ASMR has Become a Staple for my Mental Health

Insomnia is something I have struggled with for a few years of my life, but it has caused extreme fatigue and has also worsened my mental health. Living in dorms did not help especially with my next-door neighbors shouting every night and the people who lived above me stomping until the early hours of the morning. Even living off campus has not been forgiving to my sleep schedule because as I progress in my degree, my classes begin to be more time consuming.

 

I either lose sleep from working on my assignments until two in the morning or my stress and anxiety cause me to toss and turn for most of the night. The best tactic I have found to battle my insomnia over the years is taking melatonin, but I found that as I increased the dosage of melatonin, my tolerance for it also increased. My body began to rely on the melatonin pills, so it stopped producing my natural melatonin. I knew that it wasn’t healthy to take Nyquil every night unless I was sick, and I had also tried yoga and meditating. Although both helped me relax, nothing seemed to help me fall asleep more easily.

Sleepy girl in bed

That was until, last summer, when a friend recommended that I try ASMR for the simple reason that it helps depression, anxiety, and insomnia. I decided to try it out because it was my next best option at that point. ASMR, for those who don’t know, is an acronym for autonomous sensory meridian response. According to sleep.org, ASMR is “a feeling of euphoric tingling and relaxation that can come over someone when he or she watches certain videos or hears certain sounds.” These visuals or sounds are called triggers. Some of my favorite triggers include tapping, soft mic scratching, finger fluttering, and intense whispering.

 

Every “ASMR-tist”, as they are called in the YouTube community, has their own specialty but most of them experiment with all different kinds of ASMR. Some like to stick to specifically focusing on your triggers, while others enjoy doing role play whether it be of a favorite character in a book or TV show or of a doctor, hairdresser, or some other occupation.
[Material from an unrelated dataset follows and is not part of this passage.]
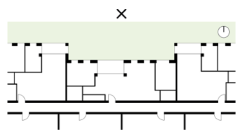 Fig.53 Example of an unacceptable north-facing dwelling. Its position, orientation and layout will make it difficult to ventilate and heat, and it will receive minimal direct light throughout the year
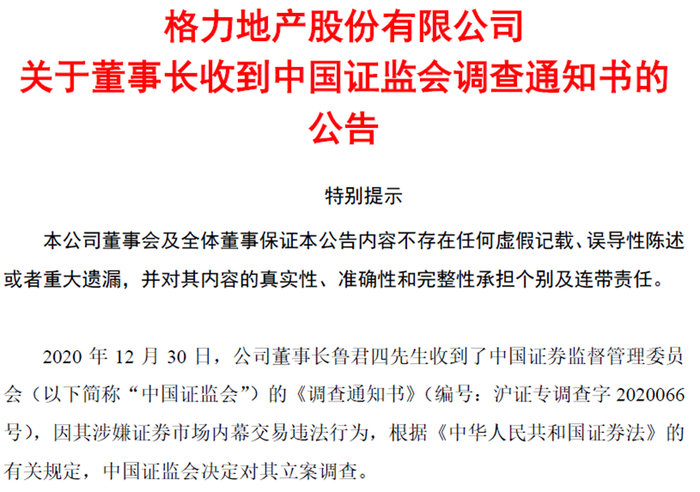 2020年12月30日,格力地产发公告称,公司董事长鲁君四收到了证监会的《调查通知书》,因其涉嫌证券市场内幕交易违法行为,证监会决定对其立案调查。

I started out with the videos that focus on your triggers, but recently I have been watching more role play.Anna Schultz-Girl Using Laptop In Cozy Bed  

The only downfall of ASMR is that if you watch it too often, you can become immune to tingles. This has only happened to me a few times, but luckily there a few fixes. One is to stop watching or listening to ASMR for a few nights and your tingles will come back within a few days. Another fix is to watch the ASMR videos that are made specifically for immunity. These usually include more intense triggers that are supposed to give you more tingles. Sometimes, if you have developed an immunity, this may not work so it is just best to take a few nights off from watching or listening to it.  

 

ASMR has nearly cured my insomnia and has helped fixed my sleep schedule. I watch ASMR videos on YouTube to help me fall asleep but only when I need it, which is most nights. Sometimes, I even watch or listen to ASMR when I am feeling depressed or anxious. It helps coax me out of my panic attacks and promotes a healthy mindset when I am going through a depressive episode. Since I’ve started watching ASMR, I’ve noticed my mental health has been better and I have been a calmer person.